Riscos da inteligência artificial preocupam pais, mas podem ser amenizados

CURITIBA, PR (FOLHAPRESS) – Acompanhar os filhos em seu letramento digital é uma preocupação de longa data de Natália Ruschel, 39. A atenção tem assumido novos contornos em meio à popularização da IA (inteligência artificial).

“Como meus filhos ainda são novos, de 9 e 3 anos de idade, eu ainda não apresentei o ChatGPT para eles, porque não vejo necessidade. No entanto, estou me preparando para isso.”

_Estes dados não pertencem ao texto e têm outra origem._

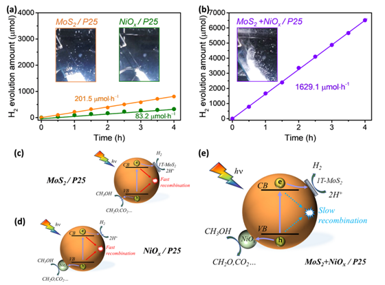 为了达到光生电子空穴对的有效分离,将本工作中合成的纳米级1T硫化钼单层和氧化镍纳米颗粒混合并分散在二氧化钛表面制备双助催化剂混合体系。单助催化剂和双助催化剂的催化析氢活性分别在图3a和3b中显示。如所观察,双助催化剂体系比单助催化剂体系具有非常显著的光催化析氢活性增强。从插图中可以更直接地观察到双助催化剂体系有更强烈的氢气冒出(图3b)。这种双助催化剂体系的光催化氢气析出速率可高达1629.1umol∙h-1,接近Pt的2196.8umol∙h-1,而且显著高于单助催化剂氧化镍纳米颗粒和1T硫化钼单层的83.5和201.5umol∙h-1。双助催化剂提高光生电子空穴对的分离机理图如3c-3e所示。光生电子空穴对的分离不仅由于硫化钼和二氧化钛之间牢固的界面接触使光生电子迅速地从二氧化钛转移到纳米1T相硫化钼,同时通过氧化镍快速地捕获了光生空穴,使光生电子空穴迅速的被捕获消耗,降低二者的复合几率。而单助催化剂硫化钼或着氧化镍,光生电子或空穴由于无法被快速捕获而在二氧化钛位发生累积,高浓度的残余电子空穴对驱动了光生电子和空穴的复合,导致光催化析氢活性较低。总体而言,纳米级1T硫化钼单层与二氧化钛之间更紧密的界面接触以及氧化镍捕获光生空穴的协同作用促进了光生电子和空穴的分离,使得纳米级1T硫化钼单层获得了接近铂/二氧化钛的光催化析氢性能。该双助催化剂对提高光催化析氢活性的有效性,将能够进一步应用于其他光催化体系中。

Ruschel trabalha com propriedade intelectual no Mdic (Ministério do Desenvolvimento, Indústria, Comércio e Serviços), e frequentemente cruza com o tema da inteligência artificial. Ela tem ciência de suas possibilidades e riscos -muitos dos quais já familiares à presença online.

A pesquisadora Sonia Livingstone, vinculada à Unicef (Fundo das Nações Unidas para a Infância), classifica os riscos da presença online de crianças em quatro grandes áreas, que chama de 4Cs:

CONTEÚDO: engajamento ou exposição a conteúdo prejudicial ao seu desenvolvimento;

CONTATO: possibilidade de ser alvo de contato prejudicial de outras pessoas;

CONDUTA: quando testemunham, participam ou são vítimas de conduta prejudicial, como violências, racismo e LGBTfobia

E CONTRATO: termos de uso, políticas e privacidade sem transparência, e que podem levar à exposição das crianças e adolescentes.Alguns riscos da IA são mais discutidos, como no caso de recomendações de conteúdo inadequado ou violento nas mídias sociais; mas o debate ainda está no início para as inteligências artificiais generativas, que criam textos e imagens a partir de informações já existentes.

O ChatGPT, lançado em novembro de 2022, é um dos exemplos mais comentados. A ferramenta responde rapidamente a questionamentos de usuários, passando a impressão de confiabilidade -mas com erros e imprecisões frequentes, que contribuem para a desinformação.

Nos últimos meses, Ruschel tem testado a ferramenta, na expectativa do papel que terá no futuro de seus filhos. Ela pretende acompanhá-los em seu uso, com incentivo à análise crítica dos resultados, mas reconhece que não será uma tarefa fácil.

“O ChatGPT já faz a análise de texto, interpretação ou resumo das informações, não é resultado de uma simples busca. Será um grande desafio saber o que é falso, verdadeiro e tendencioso sem ter um conhecimento prévio sobre o assunto pesquisado.”

MODELO DE NEGÓCIO FAVORECE DESINFORMAÇÃO

Gabriela Mora, oficial de desenvolvimento e participação de adolescentes na Unicef (Fundo das Nações Unidas para a Infância), aponta que o modelo de negócios das plataformas se beneficia da atenção gerada por conteúdos extremistas e frequentemente falsos.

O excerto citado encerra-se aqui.